Single by Kenny G

from the album The Moment
- Released: 1997
- Recorded: 1996
- Genre: Smooth jazz; latin; house; (remix)
- Length: 7:22 (album version); 3:59 (single version);
- Label: Arista
- Songwriters: Kenny G; Walter Afanasieff;
- Producers: Kenny G; Walter Afanasieff;

Kenny G singles chronology
| "The Moment" (1996) | "Havana" (1997) | "What a Wonderful World" (1999) |

= Havana (Kenny G composition) =

"Havana" is the title of a 1997 single and instrumental by jazz musician Kenny G. It was the second single taken from his 1996 studio album The Moment, released on Arista Records.

==Production==
The song was written and produced by Kenny G and Walter Afanasieff. As with virtually all of his songs, Kenny G plays the saxophone on this track. The music was arranged by Bill Ross.
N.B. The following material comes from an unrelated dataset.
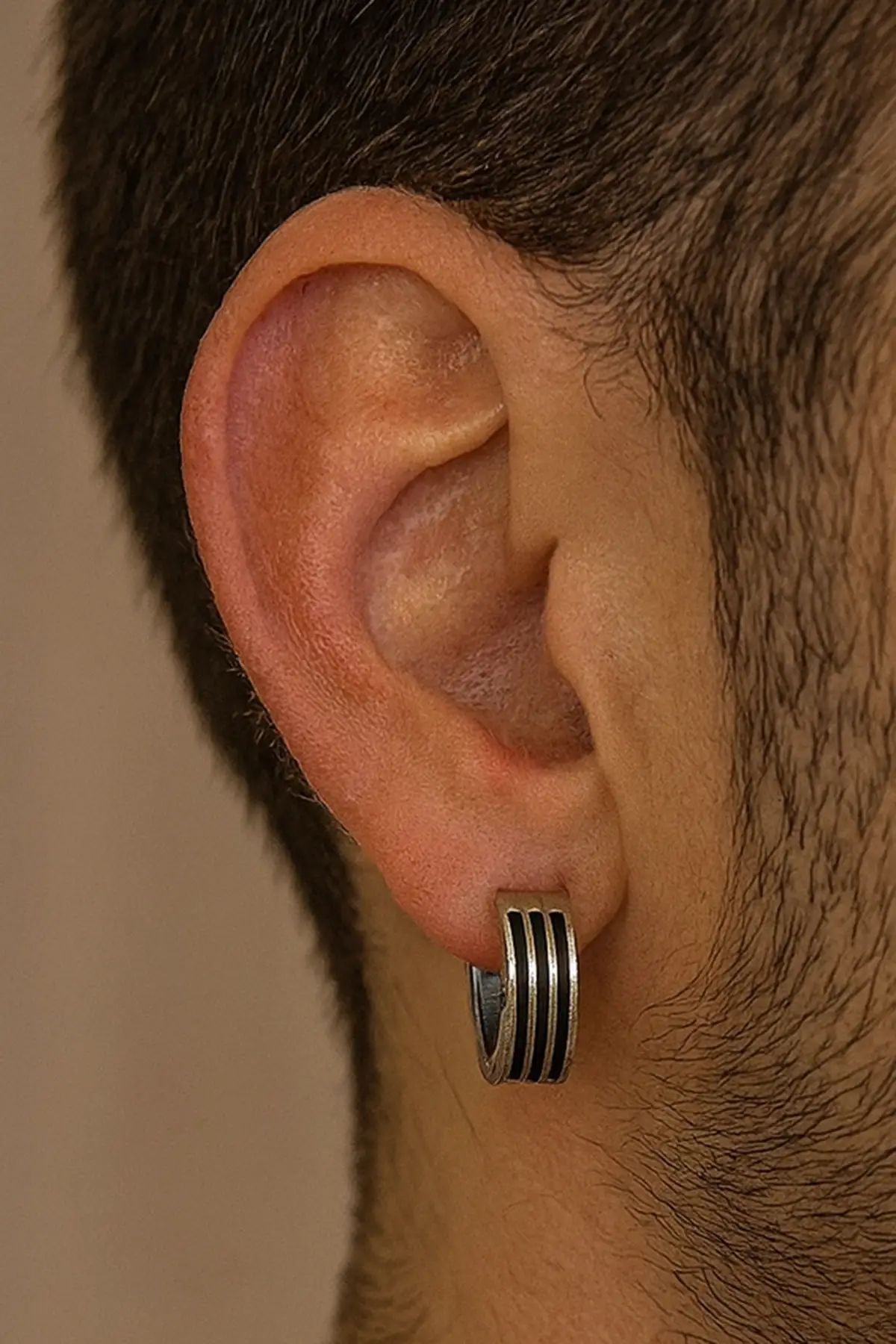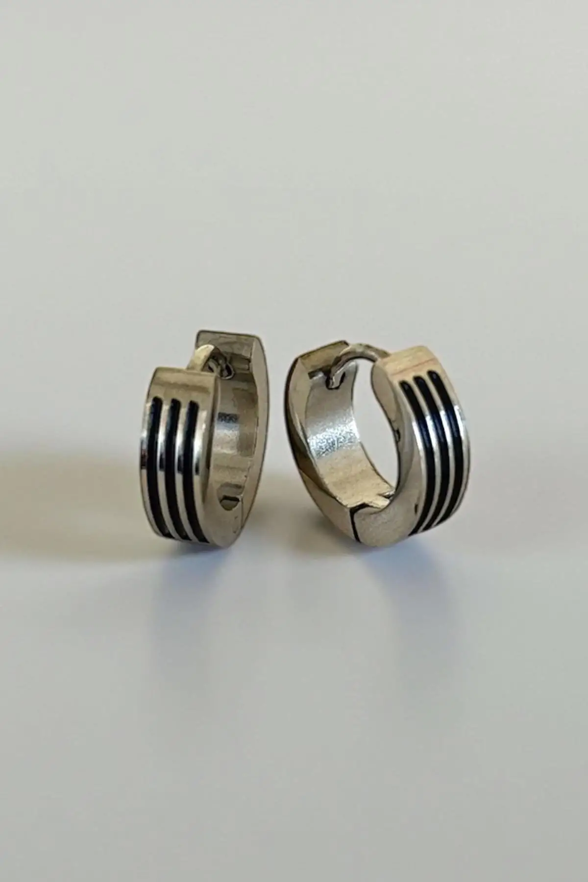 Gümüş Ve Siyah Renk Çelik Erkek Küpe (Çift)
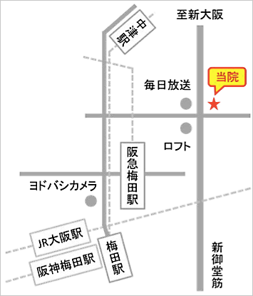 4グラン・アーモ(旧梅田玉姫殿)の向かって右隣が当院です。

The song peaked at number 66 on the Billboard Hot 100 chart and number 10 on the Billboard Adult Contemporary chart in early 1997.

== Personnel ==
- Kenny G – soprano saxophone
- Walter Afanasieff – keyboards
- Michael Thompson – guitars
- Paulinho da Costa – percussion
- William Ross – string arrangements

==Remix==
More noteworthy, however, is the fact that the song was remixed by two well-known DJs Todd Terry and Tony Moran. These mixes gave the song a completely different sound, with an electronic house music backdrop layered in with the original recording. These mixes were released to dance clubs on promotional 12-inch singles, and the remixed "Havana" went to number one on Billboards Hot Dance Club Play chart in April 1997. To date, this is Kenny's only number one song on this chart. Both the original and dance versions received radio airplay in the United States as well. In the UK, the remixes single reached #88 in the charts in April 1997.